En contra de la opinión de Portero, que suele apoyar las políticas atlantistas en materia de seguridad, leemos en El Mundo, a David Torres acerca de la famosa filtración. El columnista nos muestra al fundador de Wikileaks, Julian Paul Assenge, como el héroe del periodismo moderno y, en última instancia, como el salvador del futuro de la profesión. Torres, en su citada columna, titulada Esto es la guerra, denuncia las manipulaciones constantes que perpetra el Pentágono respecto a la información que llega de Afganistán e Irak -como la ocultación de las imágenes de los incontables ataúdes de soldados americanos- y asegura que, Assange, ha reinventado el periodismo con unos cuantos correos electrónicos.

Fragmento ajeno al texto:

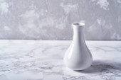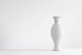 Biały wazon odizolowany na szarym tle ściany, przestrzeń do kopiowania. Wystrój domu
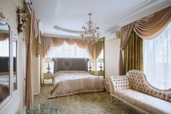 Установлена система кондиционирования для поддержания комфортного микроклимата круглый год. Итальянская мебель, люстры и элементы декора придают интерьеру элегантность, а мебель из массива ценных пород дерева подчеркивает вкус и статус.
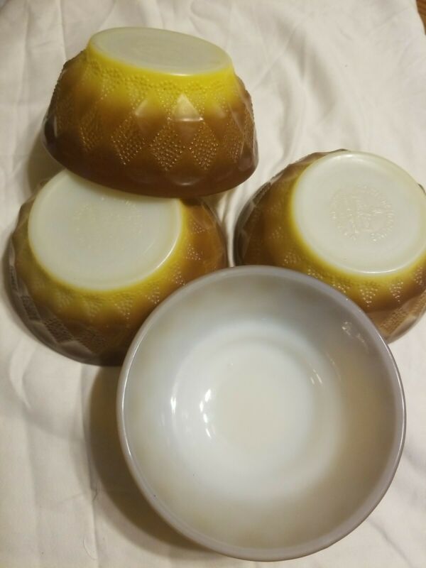 Title (ebay affiliate link): VINTAGE FIRE KING BROWN YELLOW KIMBERLY DIAMOND POINT 5" BOWLS ANCHOR HOCKING
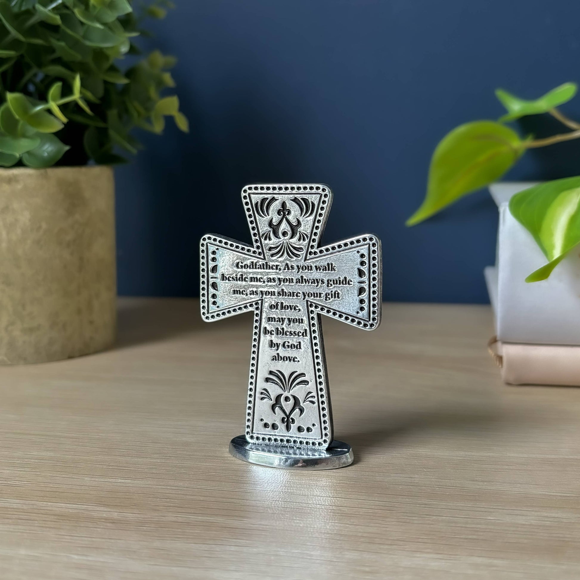 Show appreciation for Godfathers with a special gift to recognize their guidance and love. Standing message cross crafted of cast metal in bright, hand polished finish. Featuring blessing for Godfathers. 3” tall. Gift boxed.

Pero, ciertamente, una de los pilares fundamentales de la Democracia -y sobre todo de la estadounidense- es el control del Gobierno. Para ello se hace esencial una prensa libre. Pero ¿y si afecta a la Seguridad Nacional? ¿Dónde se debería poner el muro a la libertad de expresión en tiempos de guerra? El Debate está servido. Los límites, sin marcar. Y lo que se juega, al fin y al cabo, es la supervivencia de los peores sistemas políticos inventados, si exceptuamos todos los demás -Churchill dixit-
Antecedentes de informaciones filtradas
Es cierto que no es la primera vez que ocurre algo así en EE UU. El Cuarto Poder, los medios de comunicación, echaron a un presidente de la Casa Blanca: el archiconocido Watergate. Pero también, están los famosos Papeles del Pentágono. En 1971, Daniel Ellsberg, un ex empleado del Departamento de Estado obtuvo una copia del estudio que años atrás encargó Robert Mcnamara -antiguo Ministro de Defensa- sobre las relaciones entre EEUU y Vietnam desde 1945, y quiso filtrarla al Senado. Dicha cámara le ninguneó, y Ellsberg se dirigió a un reportero de The New York Times llamado Neil Sheehan. Sheehan se empapó de los futuros Papeles del Pentágono. El periodista del New York Times, que acusó al Gobierno de lo mismo que hoy acusan Assange y Wikileaks a la Administración actual: manipulación y mentira sobre la Guerra. El entonces presidente R. Nixon calificó los Papeles como alto secreto, y paró la información. La batalla que Sheehan libró le llevó hasta el Tribunal Supremo, que falló en su favor, argumentando que primaba la Primera Enmienda: La Libertad de Expresión. Y, la Guerra de Vietnam, todos sabemos, como terminó: retirada de las tropas estadounidenses debido, sobre todo, al profundo rechazo de la ciudadanía al conflicto y a la superioridad vietnamita en el combate. Que a Al Qaeda le beneficia demasiado una opinión pública en contra de la guerra, ni los más necios pueden dudarlo. Que el Poder necesita ser controlado y la Libertad de Expresión debe ser cuasisagrada en una Democracia, tampoco es cuestionable. Assange ha sido calificado, como hemos visto, de héroe y de villano, de traidor y de salvador de la Democracia. Y la forma de calificarlo dependerá de los sentimientos y las pasiones que nos dominen. Pero, la pregunta -a mi entender- que lanza el affaire Wikileaks es: ¿se puede combatir al terrorismo sin dejar de ser una democracia plena?